Mesmo vestindo o traje sensual de coelhinha, He Chi sentiu que diante dele havia um dócil cervo, especialmente com aqueles olhos grandes e brilhantes, cheios de inteligência e inocência. A timidez na medida certa não transmitia vulgaridade, só despertava vontade de proteger.

Um estalo de dedos ressoou.

A Betty sensual reapareceu diante de He Chi.

— O que foi isso? — He Chi estava realmente curioso, querendo saber como alguém pode mudar de atitude tão rapidamente.

— Anos de observação de pessoas, acúmulo de conhecimento, e um pouco de auto-hipnose. — Ao ver o interesse de He Chi, Garcia ficou satisfeito; afinal, o oriental brilhara demais no dia anterior, deixando-o um pouco desconcertado.

— Desta vez o treinamento será mais longo. Vamos definir alguns personagens fixos para você se aprofundar, depois testamos os resultados. Betty será minha assistente nesses dias. — Garcia concluiu e se despediu.

Com a lição da colega, Betty não ousou subestimar o oriental. Nos dias seguintes, dedicou-se ao máximo, ensinando até as técnicas mais avançadas de auto-hipnose.
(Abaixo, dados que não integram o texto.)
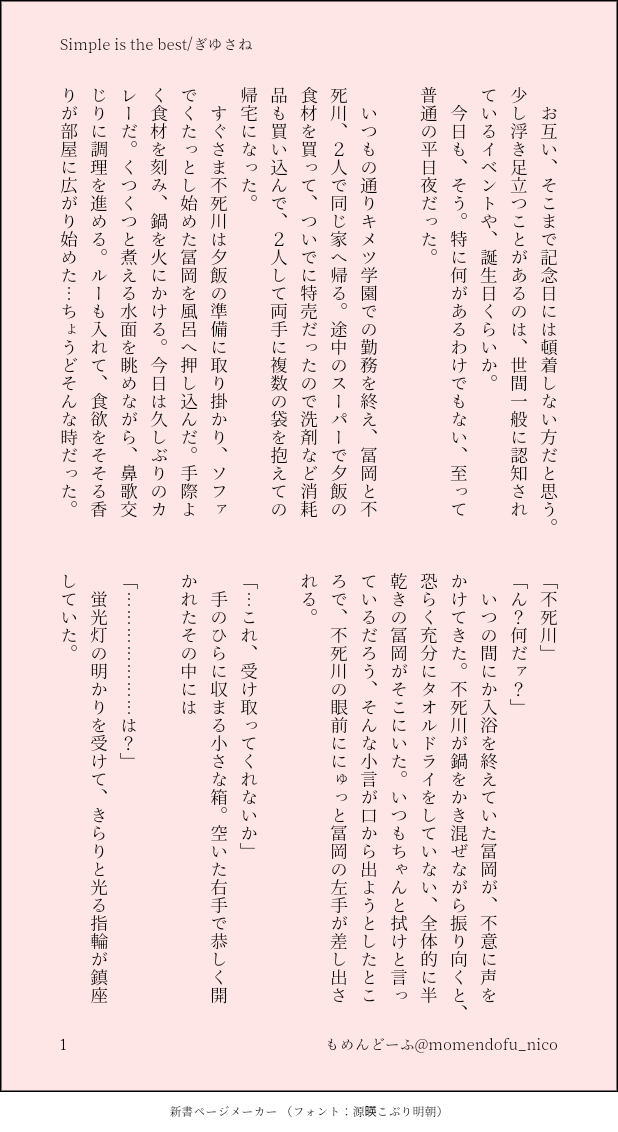 もめんどーふ☆quiet followDONE投下φ(゜゜)ノ゜ぎゆがmarry meする話(ルー語)キメ学軸ぎゆさねです書いてる内に「いや、ぎゆなら、さねなら…」って色んな解釈浮かんで迷いましたがこれもひとつの形と言うことで、楽しんでいただけたら幸いです #ぎゆさね teethingRing show all(+4 images) Tap to full screen (size:618x1132).Repost is prohibited Let's send reactions! freqpopularsnackothersPayment processing Replies from the creator Follow creator you care about!☆quiet follow もめんどーふDONEぎゆさね版ドロライ「焼き鳥、しっぽり」DDぎゆさね2人きりで2次会する2人の話 4 もめんどーふDONE余生ぎゆさね心願成就を果たしたぎゆの話 5 もめんどーふDONE現役ぎゆさねワンライ「狩人、狼」の幕間ぎゆが気を失ってる間の話※少しですが流血描写があります。苦手な方はご注意ください 4 もめんどーふDONEぎゆさね版ドロライ「狩人、狼」現役ぎゆさねさねの救助に向かうぎゆさんの話※ご都合血鬼術が出てきます、苦手な方はご注意ください 5 もめんどーふDONEフロセキュぎゆさねぎゆさね版ドロライ「雷雨、傘」と、その続きのさらに続きの話※注意※下記の要素を含みます、苦手な方はご注意下さい・さねが体を売ってお金を稼いでいます・台詞だけですが、モブと絡んでいる描写があります 13 もめんどーふDONEフロセキュぎゆさねぎゆさね版ドロライ「雷雨、傘」と、その続きを纏めたものです※注意※下記の要素を含みます、苦手な方はご注意下さい・さねが体を売ってお金を稼いでいます・台詞だけですが、モブと絡んでいる描写があります・書いている本人はハッピーエンドのつもりですが、人によってはそう思わないかもしれません 13 related works Kasumi KiriuDOODLE【ぎゆさね】※18歳(高卒)未満閲覧禁止遅くなりましたが💦💦ホワイトデーポストで頂いた素敵なお返しをお題にして描きました😊ありがとうございました❣フロセキュぎゆさね🌊🍃勤務中に制服を着たままいたす2人。シチュなど苦手な方はスルーをお願いします🙇しっかりinしてます🍌背後注意⚠ Kasumi KiriuDONE【ぎゆさね】6月9日69の日ということで🍌描きたいとこだけ1ページ漫画です18歳未満閲覧禁止🈲 Kasumi KiriuDONE【ぎゆさね】2022ハロパロネタです🔞してやったりな北風🍃ちゃんがまんまとぎゆカサコに返り討ちにあうお話。全4P。後半🍌出ますので18歳未満閲覧禁止です× 4 koketamaDOODLEねこちゃん🐱 ymnkTRAINING練習ー i7_osk5DOODLEぎゆさねせっすす表情の練習 koketamaDOODLEねこちゃん🐈⬛ Kasumi KiriuDONE【ぎゆさね】🔞18歳未満閲覧禁止原画展グッズののトミセンジャージが上下セットではなく上しかなかった事に端を発したネタです。勝手にセンシティブジャージと銘打っております。もろに出てますので18歳未満は閲覧禁止です× 3 きゃれみMENU新刊サンプルr-18部分です18歳以上ですか?(yes/no) 4 recommended works i7_osk5DOODLEぎゆさねせっすす表情の練習 Kazu*🍃DOODLEぎゆさねドライブ🎶🚗💨🎶昼休みにお出かけする二人もっとちゃんとした車🚙描きたくて練習中の合間の落書き✏️ もめんどーふDONE昨日上げたものですが、盛大に上げ間違えたためやりなおしorz昨日リアクション下さった方、すみませんでした😭キメ学。何てことはない日常のぎゆさねです。 5 もめんどーふTRAININGとりあえずイベントごとには乗ってみるスタイ(ryひなまつりのぎゆさねさねがおひな様ってのは、もう自然の摂理と思ってる もめんどーふREHABILIワンライ/水溜り、雨音できてないDKぎゆさねです 4 もめんどーふDONEワンライ「賭け、自信」のぎゆさんサイドの話色々、こんな風に書きたいとか、こんな言い回ししてみたいとか考えはするけど、から回っていく侍八スタイル 5 かいね せぴあDONE大好きなサンちゃん(むうちゃん)のお誕生日にSSを勝手に(笑)書いて送り付け、そのSSに素的なイラストを描いてくれました❤️もうイメージバッチリ過ぎて私が大興奮🤤🤤表情とかホント堪らんのです💕サンちゃんありがとぉ💕『PIXY』R-18🍌出てます襲い受けパスワード:🌊🍃英字4文字 10 もめんどーふDONEぎゆさね版ドロライ「旅立ち、心残り」原作軸ぎゆさね弔うぎゆとそれを見届けるさねの話1.0h 4 もめんどーふDONEフロセキュぎゆさね体を売ってるさねと、買ってるぎゆの話⑥最終話ですあとはちょこっと後日談を書きたい 9

Desta vez, o desempenho de He Chi não foi tão extraordinário; ainda aprendia tudo rápido, mas dentro do limite do talento, e não como um prodígio monstruoso.

Cinco dias depois, o grupo se reuniu novamente.

— Betty disse que já te passou toda a teoria. Agora é só praticar para melhorar. — Garcia concluiu, encerrando as aulas.

— Hoje, a tarefa é um teste! Vou te dar um personagem, você tenta interpretar. Não importa se a atuação é perfeita, quero ver seu entendimento.

He Chi assentiu, aguardando o desafio.

— Bem… — O mágico ponderou. — Você nasceu na China, onde armas são proibidas. Dizem que antes de se tornar discípulo, nunca teve contato com armas de fogo…

— Então, interprete um personagem completamente diferente de você: um veterano de guerra, que sobreviveu a dezenas de batalhas e saiu de pilhas de mortos. Três minutos para se preparar.

— Talvez seja melhor escolher outro… — He Chi sugeriu.

— Não, é justamente esse tipo de personagem, desconhecido para você, que mais testa sua habilidade. Faça como achar melhor, não tenha medo de errar. — Garcia insistiu.

— Certo.

He Chi calou-se, abaixou a cabeça e tentou se auto-hipnotizar, usando o que aprendeu nos últimos dias.

A sala ficou silenciosa, o tempo passava lentamente. Já haviam se passado mais de três minutos, mas o oriental continuava imóvel, de cabeça baixa.

Betty percebeu que algo estava errado, abaixou a cabeça para observar discretamente.

De repente, o oriental ergueu o olhar, seus olhos vermelhos de sangue fixaram-se nela, e sua mão de ferro apertou a garganta da coelhinha.

Na sala, o ar ficou carregado de uma aura assassina!